A widely-quoted statistic is that we retain approximately 5 percent of what we hear in a lecture, but retain approximately 75 percent of what we learn through hands-on training. At a 30,000-foot view, our goal is get as close to that 75 percent figure as possible with virtual hands-on training. In that light, assessment for us can be viewed as, "How close to 75 percent are we getting on a per-student basis?"
It's important to keep in mind the distinction between assessment and validation, which are separate concepts, but unfortuately sometimes used interchangably in discussions. Assessment is the process of evaluating the performance of an individual student. Did he/she learn the material? Did he/she achieve the learning objectives? Validation is the process of evaluating the courseware as a whole. Is it valid? Was it properly designed given the learning objectives?
Our task training software for the Signal School uses what is known as the FAPV model: Familiarize, Acquire, Practice, and Validate (this is an unfortunate misuse of the term validate, but then we didn't invent the model). In Familiarize mode, students can explore freely to discover the environment for themselves. In Acquire mode, we guide them through a particular lesson, telling them exactly what to do for each step of the process. In Practice mode, students navigate and interact on their own, but can receive hints from the software as needed. In Validate mode, we provide no hints whatsoever, and the student is expected to be able to execute all lesson steps without assistance.
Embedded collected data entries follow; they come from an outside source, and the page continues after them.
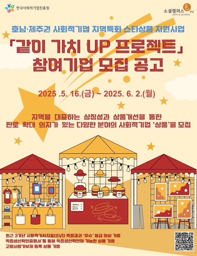[광주·전라·제주] 사회적기업 지역특화 스타상품 지원사업 「같이 가치 UP 프로젝트」 참여기업 모집 공고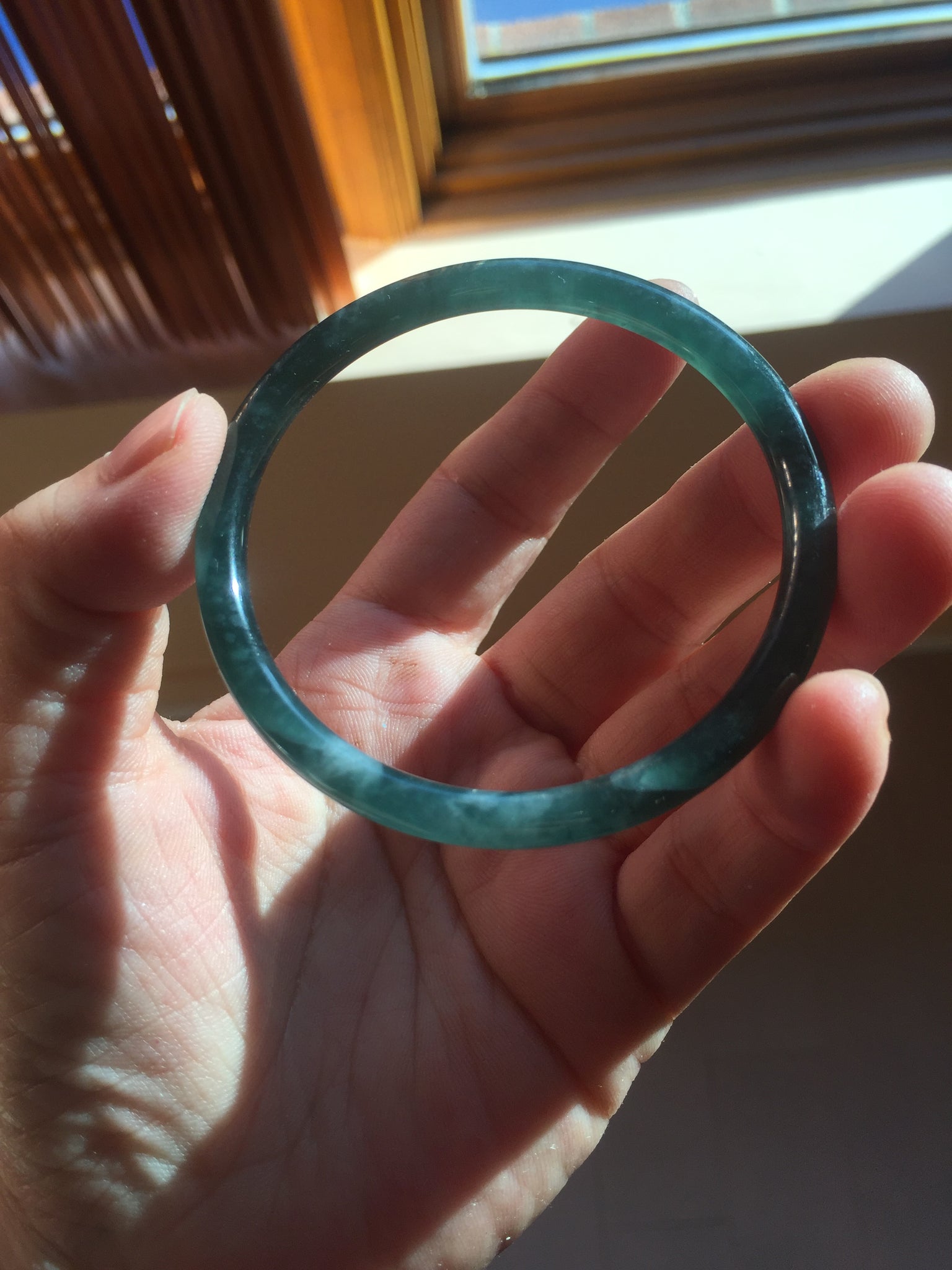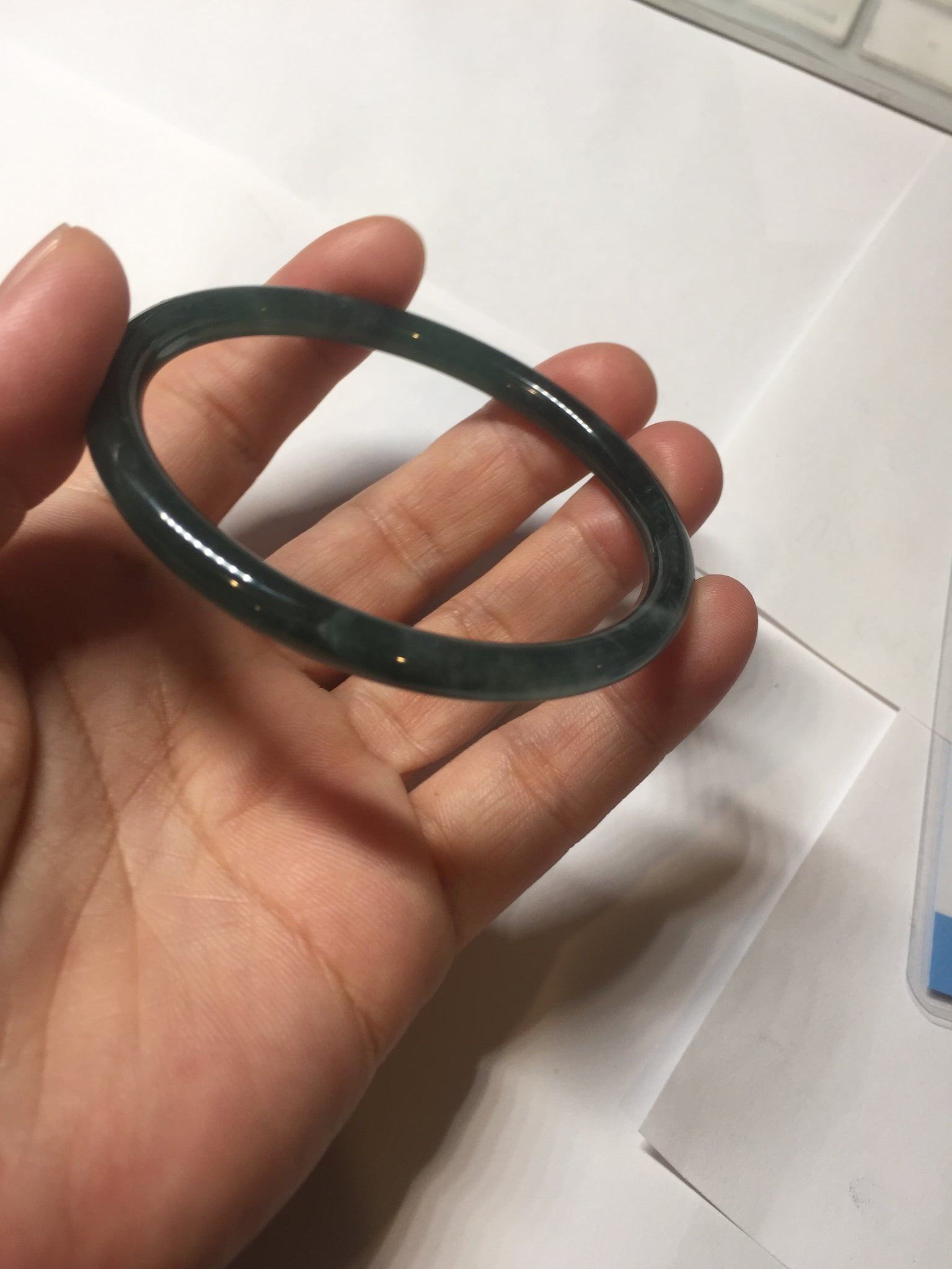 One crack. One hairline. Some cotton areas,cotton lines and cotton spots. The bangle has some gray/ black color.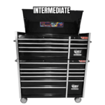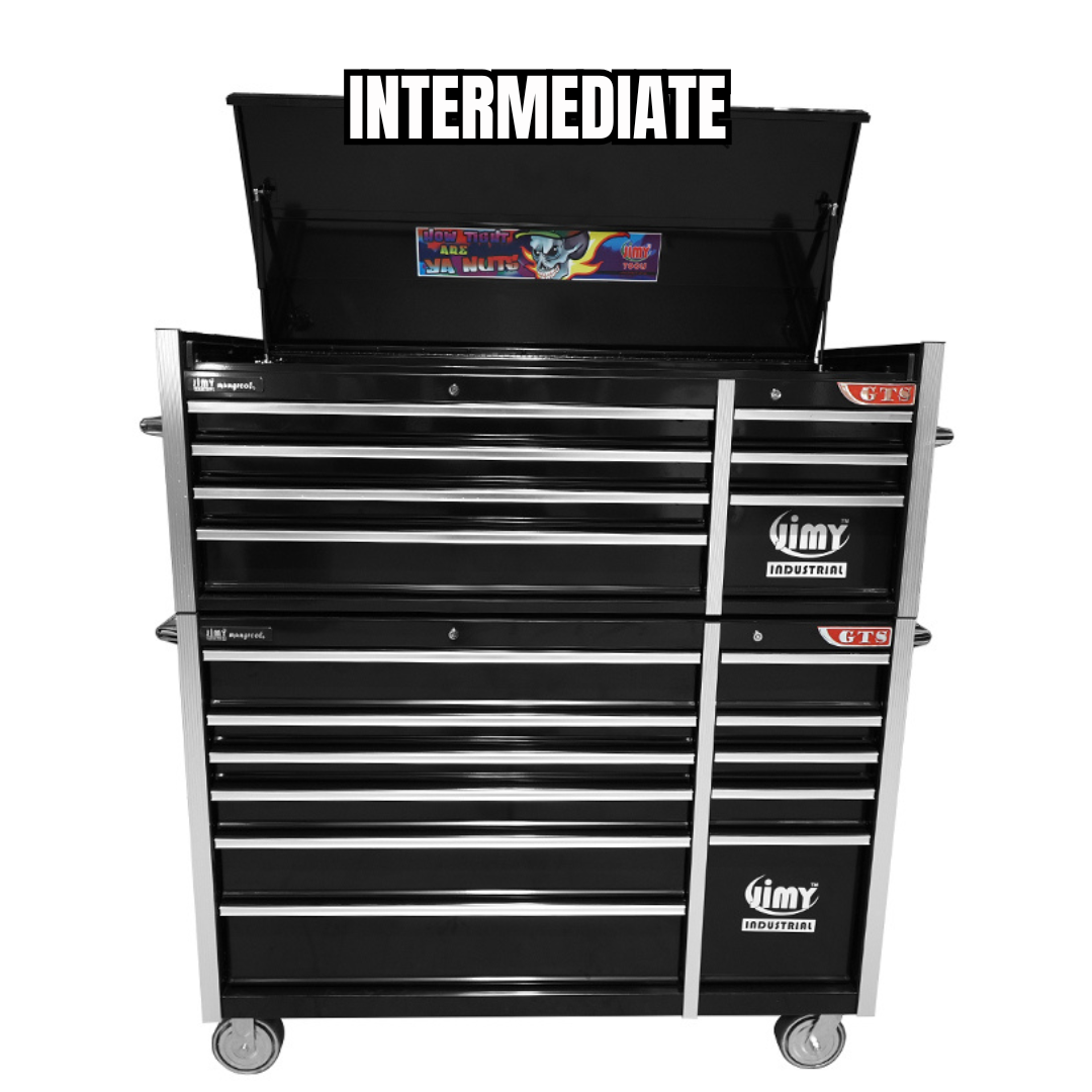 The 18 drawer roller cabinet ‘GTS’ Mechanic’s Tool Kit from Jimy Tools offers a wide range of tools for the trade’s person. The kit consists of a 7 drawer 56” ‘GTS’ tool chest and an 11 drawer 56” ‘GTS’ roller cabinet. Both the tool chest and the roller cabinet have been powder coated with a tough industrial finish and features include 1.2mm thick steel, fully lockable with rear internal locking system and ball bearing slide drawers with twin slides on the deeper drawers. The tool chest also offers a dual gas strut system for the lid.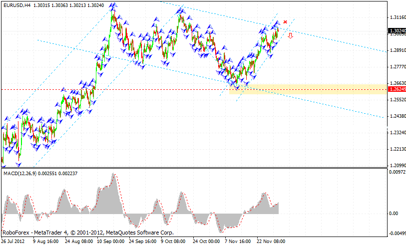 На четырехчасовом графике полностью выполнены цели по восходящей симметричной модели. Здесь же есть разворотные сигналы в виде дивергенции на MACD. С выходом цены за пределы нижней границы восходящего канала можно рассматривать открытие коротких позиций с близким стопом.

In both Practice and Validate modes, we track virtually every action taken by the student: Where did he/she go? What did he/she look at? When did he/she take a given action? What did he/she click on and in what sequence? All this data is used for assessment purposes.
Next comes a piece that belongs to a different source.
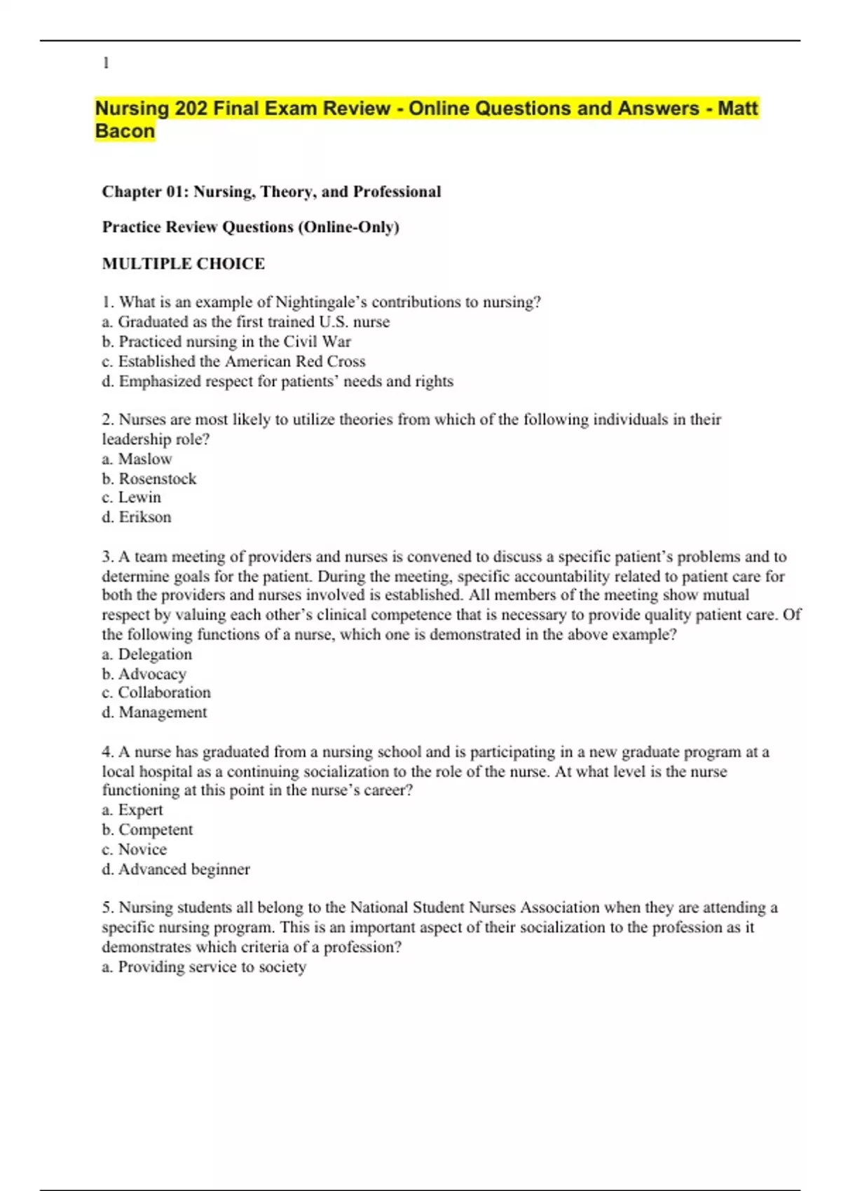 nursing 202 Final Exam Review - Online Questions and Answers - Matt Bacon Chapter 01: Nursing, Theory, and Professional Practice Review Questions (Online-Only) MULTIPLE CHOICE 1. What is an example of Nightingale’s contributions to nursing? a. Graduated as the first trained U.S. nurse b. Practiced nursing in the Civil War c. Established the American Red Cross d. Emphasized respect for patients’ needs and rights 2. Nurses are most likely to utilize theories from which of the following individuals in their leadership role? a. Maslow b. Rosenstock c. Lewin d. Erikson 3. A team meeting of providers and nurses is convened to discuss a specific patient’s problems and to determine goals for the patient. During the meeting, specific accountability related to patient care for both the providers and nurses involved is established. All members of the meeting show mutual respect by valuing each other’s clinical competence that is necessary to provide quality patient care. Of the following functions of a nurse, which one is demonstrated in the above example? a. Delegation b. Advocacy c. Collaboration d. Management 4. A nurse has graduated from a nursing school and is participating in a new graduate program at a local hospital as a continuing socialization to the role of the nurse. At what level is the nurse functioning at this point in the nurse’s career? a. Expert b. Competent c. Novice d. Advanced beginner 5. Nursing students all belong to the National Student Nurses Association when they are attending a specific nursing program. This is an important aspect of their socialization to the profession as it demonstrates which criteria of a profession? a. Providing service to society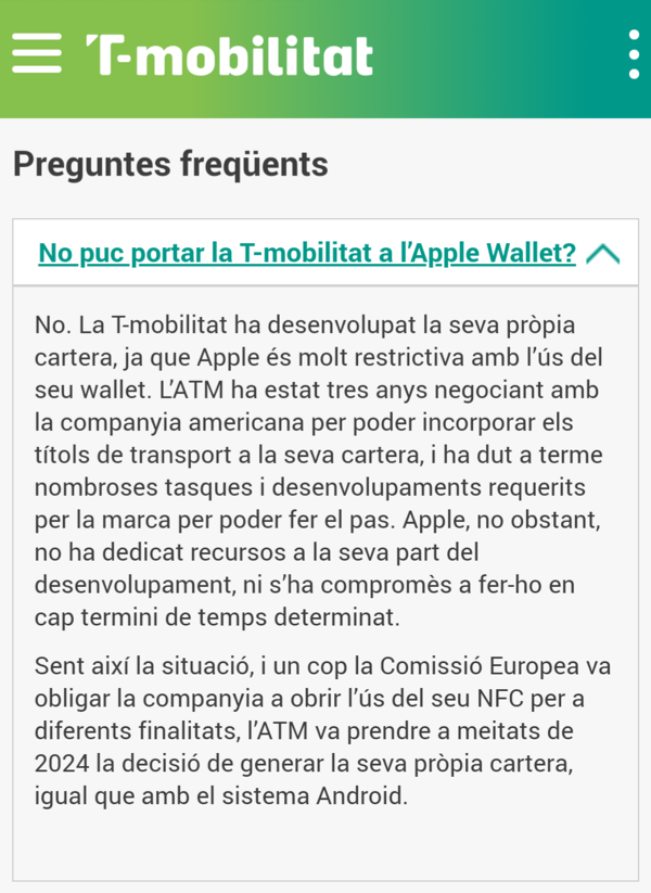 Per què no es pot fer servir Apple Wallet per recarregar la T-Monbilitat? Resposta curta: perquè a Apple no li dóna la gana:

We use a documented XML-based format that we developed to define our lessons. A typical lesson might consist of 30-60 individual steps. The student is expected to navigate through the environment as required and perform the steps, which may be linear, non-linear, or a combination of both, depending on the particular lesson. A "happy path" defines the nominal sequence of actions (or sequences for non-linear content) that equate to a correct traversal of the lesson content. We use this same XML-based content not only to guide the student through the lesson in Acquire mode, but to evaluate the student's performance in Practice and Validate modes -- by comparing the student's actions to the nominal happy path.
We provide assessment results both to students directly within the courseware itself, as soon as they work through a given lesson, and to the instructors by uploading results to the Army's Learning Management System (LMS). What we have found is that the process as a whole, and notably the assessment data, changes the role of the instructor. Instead of leading classes through "death by PowerPoint" (as they put it), instructors become coaches, able to spend their time with the students who need their help the most, when they need it.
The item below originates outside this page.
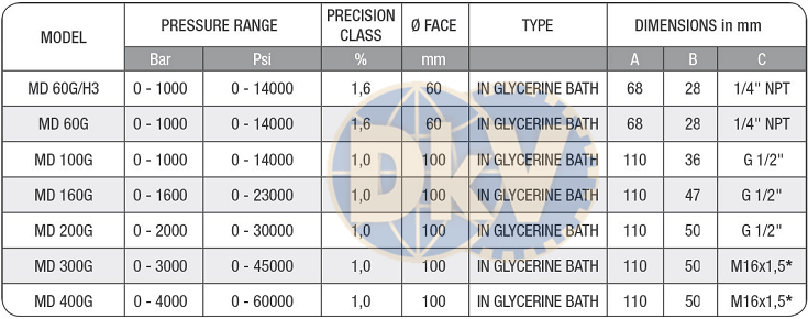 - Đồng hồ áp FPT MD 60G/H3 , áp kế thủy lực FPT MD 60G/H3, FPT pressure gauges MD 60G/H3: là đồng hồ đo áp suất < 1.000 bar (100 Mpa), dùng để đo áp lực dầu thủy lực, chế tạo bằng thép không gỉ, kết nối với các loại bơm tay, bơm điện, bơm khí nén, bơm cao áp.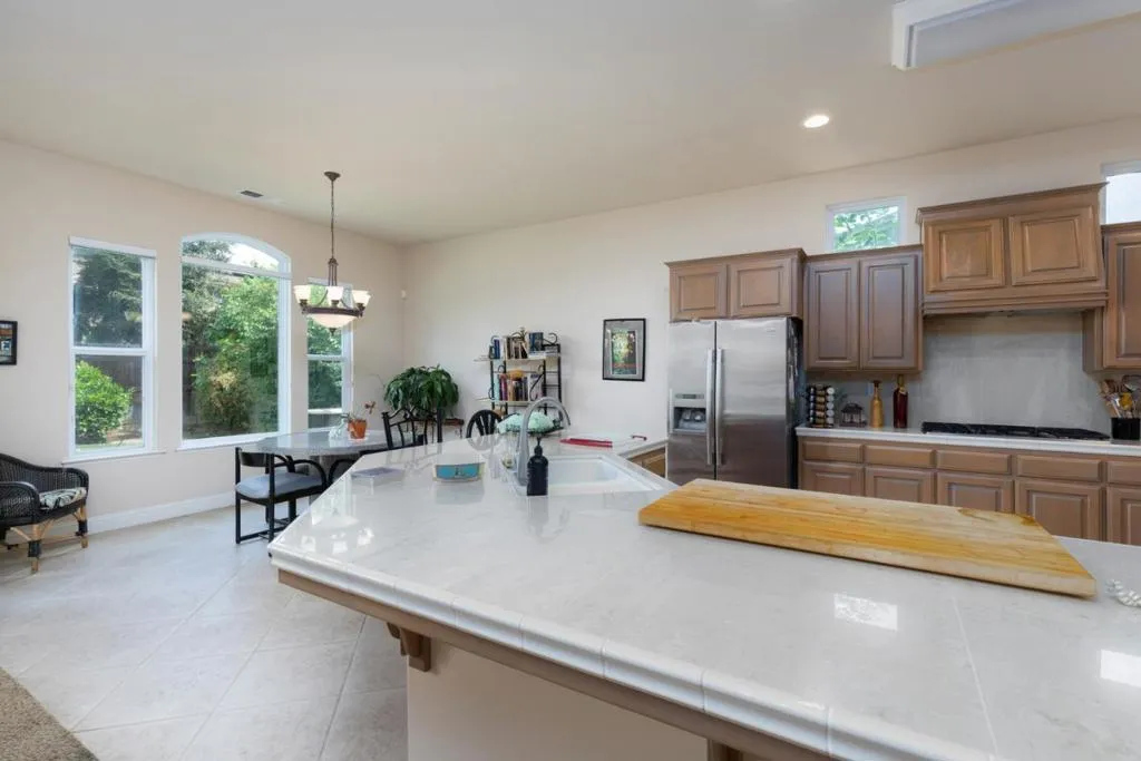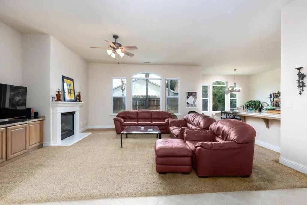 Nestled within a beautifully planned community filled w/ scenic trails & neighborhood parks, this Granville Mediterranean Style single story home offers comfort & a layout for everyday living. Located on a quiet culdesac, the residence features 4BD/2BA arranged to provide both connection & privacy. Step inside to an inviting open concept kitchen w/ built in cabinetry, a spacious pantry which flows into the family room & cozy kitchenette area. A warm fireplace anchors the space, creating the perfect atmosphere for gatherings & relaxed evenings. Just off the entry, the formal dining room adds an elegant touch for hosting & special occasions. The primary suite is situated on its own side of the home, which includes a second fireplace an intimate retreat designed for comfort. Three additional bedrooms are grouped together on the opposite side of the house. The backyard is a true blank canvas for your imagination. Whether you envision a sparkling custom pool, a lush garden oasis or simply enjoying the existing in ground spa, the space can become whatever your heart desires. Located near top rated Clovis Unified schools, parks, trails, & a wide variety of dining options, this home offers convenience & lifestyle in every direction. Don’t miss the opportunity to make this home yours!

To use an analogy, I like to think of our approach as precision guided munitions for learning. By focusing instructors' time where it is needed the most, simulation-based learning with integrated, real-time assessment dramatically increases instructor effectiveness.
From an article on precision guided munitions (not included in my talk):In the fall of 1944, only seven per cent of all bombs dropped by the Eighth Air Force hit within 1,000 feet of their aim point; even a 'precision' weapon such as a fighter-bomber in a 40 degree dive releasing a bomb at 7,000 feet could have a circular error (CEP) of as much as 1,000 feet. It took 108 B-17 bombers, crewed by 1,080 airmen, dropping 648 bombs to guarantee a 96 per cent chance of getting just two hits inside a 400 x 500 feet German power-generation plant; in contrast, in the Gulf War, a single strike aircraft with one or two crewmen, dropping two laser-guided bombs, could achieve the same results with essentially a 100 per cent expectation of hitting the target, short of a material failure of the bombs themselves.